|Elodie Ghedin, PhD
New York University
|Joakim Lundeberg, PhD
KTH Royal Institute of Technology
|Christopher E. Mason, PhD
Weill Cornell Medicine
| Sohrab Shah, PhD
Memorial Sloan Kettering Cancer Center
Elodie Ghedin, PhD
New York University
Elodie Ghedin, PhD is Director of the Center for Genomics and Systems Biology at New York University, and Professor of Biology and Global Public Health. Her laboratory uses comparative genomics, evolutionary biology, and systems biology techniques to generate critical insight about host-pathogen interactions. Prof. Ghedin’s research program meets at the interface of molecular parasitology, microbiology, and genomics and focuses on the molecular basis of macroparasite (nematode) adaptation to niches in their human hosts, and microparasite (virus and bacteria) diversity and interaction in transmission and virulence.
Prof. Ghedin received her BS in Biology and PhD in Molecular Parasitology from McGill University (Montreal, Canada). She was named a MacArthur Foundation Fellow (2011), A Kavli Frontier of Science Fellow (2012), and an American Academy of Microbiology Fellow
Professor Joakim Lundeberg heads the Department of Gene Technology, KTH Royal Institute of Technology and focus on molecular technology development. His research group is since May 2010 located at the Science for Life Laboratory (SciLifeLab), a national center for molecular biosciences with focus on health and environmental research. The center combines frontline technical expertise with advanced knowledge of translational medicine and molecular bioscience. The current research focus of JL relates to spatially resolved gene expression studies in situ, Spatial Transcriptomics. RNA-sequencing offers the possibility to analyze the expression of all genes in a sample. However, the spatial information of gene expression is lost. In the pioneering work a method was described that allowed studies of gene expression in tissue sections using RNA-sequencing to uncover transcriptional patterns in situ (Ståhl et al, Science, 2016). The basic concept is remarkably simple; by placing tissue sections on arrayed reverse transcription oligonucleotides with positional barcodes, cDNA for RNA-sequencing can be generated with maintained positional information within the tissue. The quality of the obtained cDNA libraries is as high as with the best protocols for homogenized tissue. Applying this strategy has been demonstrated to work remarkably well and allows visualizing and quantifying the transcriptome in regular histological tissue sections, i.e. tissue domains can be matched to precise gene expression patterns. Furthermore, data driven methods can be applied to discover in an unsupervised manner transcriptomic patterns in space. Such patterns correspond to cell-types, microenvironments, or tissue components that allows for novel avenues of research.

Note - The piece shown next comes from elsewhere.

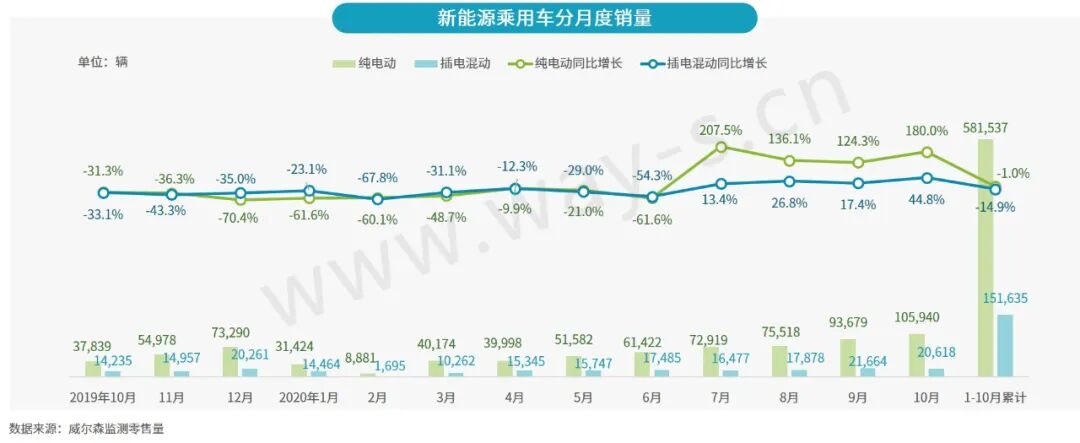10月新能源市场销量约为12.7万辆,环比增长9.7%,同比增长143.0%;2020年1-10月累计销量73.3万辆,累计同比下滑4.2%;10月纯电动销量约10.6万辆,环比增长13.1%;插电混动销量约2.1万辆,环比下滑4.8%。

The avalanche of easy-to-create genomics data has impacted almost all areas of medicine and science, from cancer patients and microbial diagnostics to molecular monitoring for astronauts in space. Recent technologies and algorithms from our laboratory and others demonstrate that an integrative, cross-kingdom view of patients (precision metagenomics) holds unprecedented biomedical potential to discern risk, improve diagnostic accuracy, and to map both genetic and epigenetic states around the world and in real-time. Finally, these methods and molecular tools work together to guide the most comprehensive, longitudinal, multi-omic view of human astronaut physiology in the NASA Twins Study, which lay the foundation for future long-duration spaceflight, including sequencing, quantifying, and engineering genomes in space.

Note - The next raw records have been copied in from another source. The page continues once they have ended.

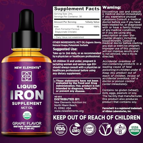 Specification: Iron Supplement for Women & Men Free Blood Builder, Iron Vitamin for Anemia USDA Organic Liquid Iron Drops for Adults with MCT Oil, Natural Grape Flavor, Faster Absorption & Immune Support, 2 Fl Oz
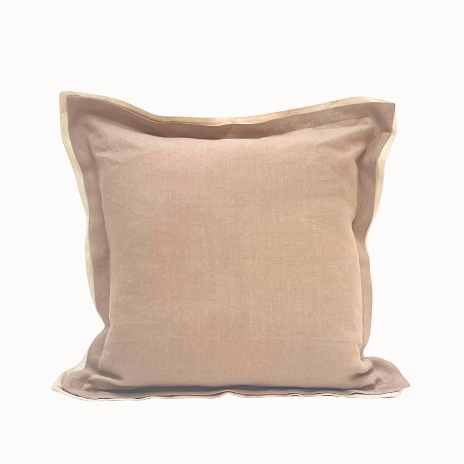 Funda de cojín reversible confeccionada en lino. Presenta dos caras diferenciadas: una en tonalidad rosa viejo y la otra en el color natural del lino, permitiendo versatilidad decorativa según tus necesidades. Destaca por su confección con una generosa pestaña bicolor que añade elegancia y define el perímetro de la pieza.
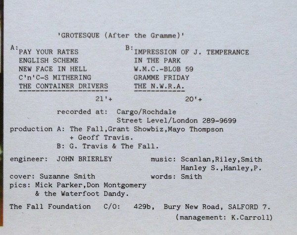 recorded at: Cargo/Rochdale Street Level/London 289-9699The Fall Foundation C/O: 429b, Bury New Road, SALFORD 7.

Sohrab Shah was appointed to MSK in April 2018 as the inaugural Chief of the Computational Oncology Service and is the incumbent of the Nicholls-Biondi Chair. He received a PhD in computer science from the University of British Columbia in 2008 and was appointed as a Principal Investigator to The British Columbia Cancer Agency and the University of British Columbia in 2010 where he developed the roots of his research program. He is a University of British Columbia Killam laureate and a Susan G. Komen Foundation Scholar. His research focuses on cancer evolution, where he uses integrative approaches involving genomics and computational modeling. He has led major projects including the analysis team of the METABRIC consortium, and has published major works in breast and ovarian cancer genomics, including the first description of mutational evolution in a breast cancer patient (Shah et al. Nature 2009), the first mutational landscape of triple negative breast cancers (Shah et al. Nature 2012) and single cell resolution demonstration of clonal evolution in breast cancer xenografts (Eirew et al. Nature 2015). More recently, he has made seminal contributions to understanding clonal evolution in ovarian cancer and discovered that specific mutational patterns related to foldback inversions in the genomes of ovarian cancers are prognostic in terms of treatment outcomes. Dr. Shah’s recent focus is in deciphering clonal evolution and mutational processes at single cell resolution. His work has been published in Nature, Nature Genetics, Nature Methods, Cell, NEJM, Genome Research, Genome Biology, amongst others.